18/06/13 16:57:18 WARN YarnAllocator: Container killed by YARN for exceeding memory limits. 5.5 GB of 5.5 GB physical memory used. Consider boosting spark.yarn.executor.memoryOverhead. 18/06/13 16:57:18 WARN YarnSchedulerBackend$YarnSchedulerEndpoint: Container killed by YARN for exceeding memory limits. 5.5 GB of 5.5 GB physical memory used. Consider boosting spark.yarn.executor.memoryOverhead. 18/06/13 16:57:18 ERROR YarnClusterScheduler: Lost executor 4 on ip-10-1-2-96.ec2.internal: Container killed by YARN for exceeding memory limits. 5.5 GB of 5.5 GB physical memory used. Consider boosting spark.yarn.executor.memoryOverhead. 18/06/13 16:57:18 WARN TaskSetManager: Lost task 0.3 in stage 0.0 (TID 3, ip-10-1-2-96.ec2.internal, executor 4): ExecutorLostFailure (executor 4 exited caused by one of the running tasks) Reason: Container killed by YARN for exceeding memory limits. 5.5 GB of 5.5 GB physical memory used. Consider boosting spark.yarn.executor.memoryOverhead.

Fix the Fetch Size Setting Using AWS Glue Dynamic Frames

The executor ran out of memory while reading the JDBC table because the default configuration for the Spark JDBC fetch size is zero. This means that the JDBC driver on the Spark executor tries to fetch the 34 million rows from the database together and cache them, even though Spark streams through the rows one at a time. With Spark, you can avoid this scenario by setting the fetch size parameter to a non-zero default value.

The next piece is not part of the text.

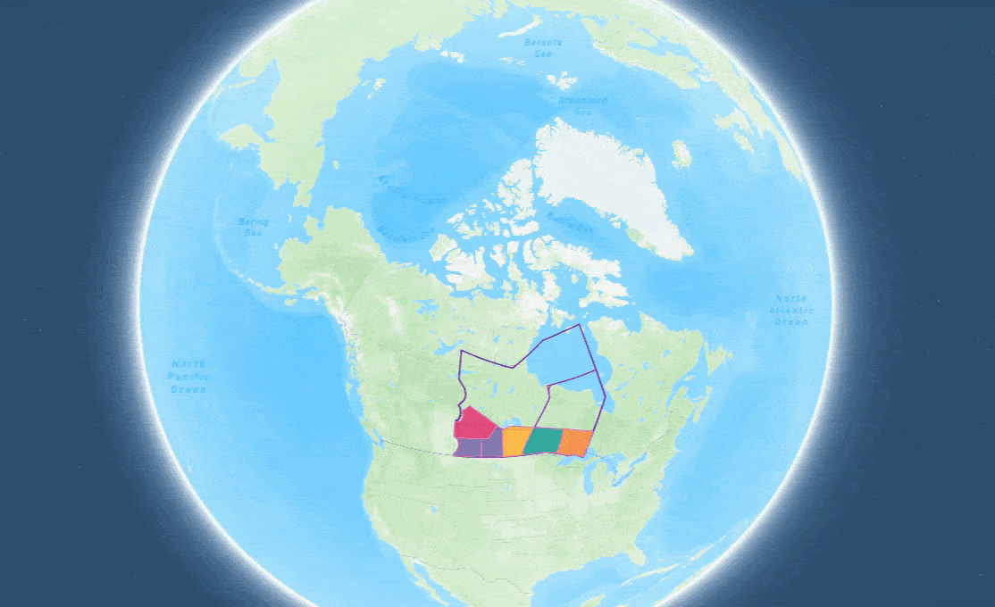 This animation shows Canada’s airspace with the Winnipeg Flight Information Region (FIR) outlined in blue. The coloured blocks represent the partitioned airspace. Based on historical traffic patterns, our Digital Twin tool recommends how to divide the airspace and the necessary staff needed throughout the day to manage demand safely and efficiently.

You can also fix this issue by using AWS Glue dynamic frames instead. By default, dynamic frames use a fetch size of 1,000 rows. As a result, the executor does not take more than 7 percent of its total memory. The AWS Glue job finishes in less than two minutes with only a single executor.

val (url, database, tableName) = { ("jdbc_url", "db_name", "table_name") } val source = glueContext.getSource(format, sourceJson) val df = source.getDynamicFrame glueContext.write_dynamic_frame.from_options(frame = df, connection_type = "s3", connection_options = {"path": output_path}, format = "parquet", transformation_ctx = "datasink")

Normal profiled metrics: The executor memory with AWS Glue dynamic frames never exceeds the safe threshold, as shown in the following image. It streams in the rows from the database and caches only 1,000 rows in the JDBC driver at any point in time.


          AWS Glue console showing executor memory below the safe threshold.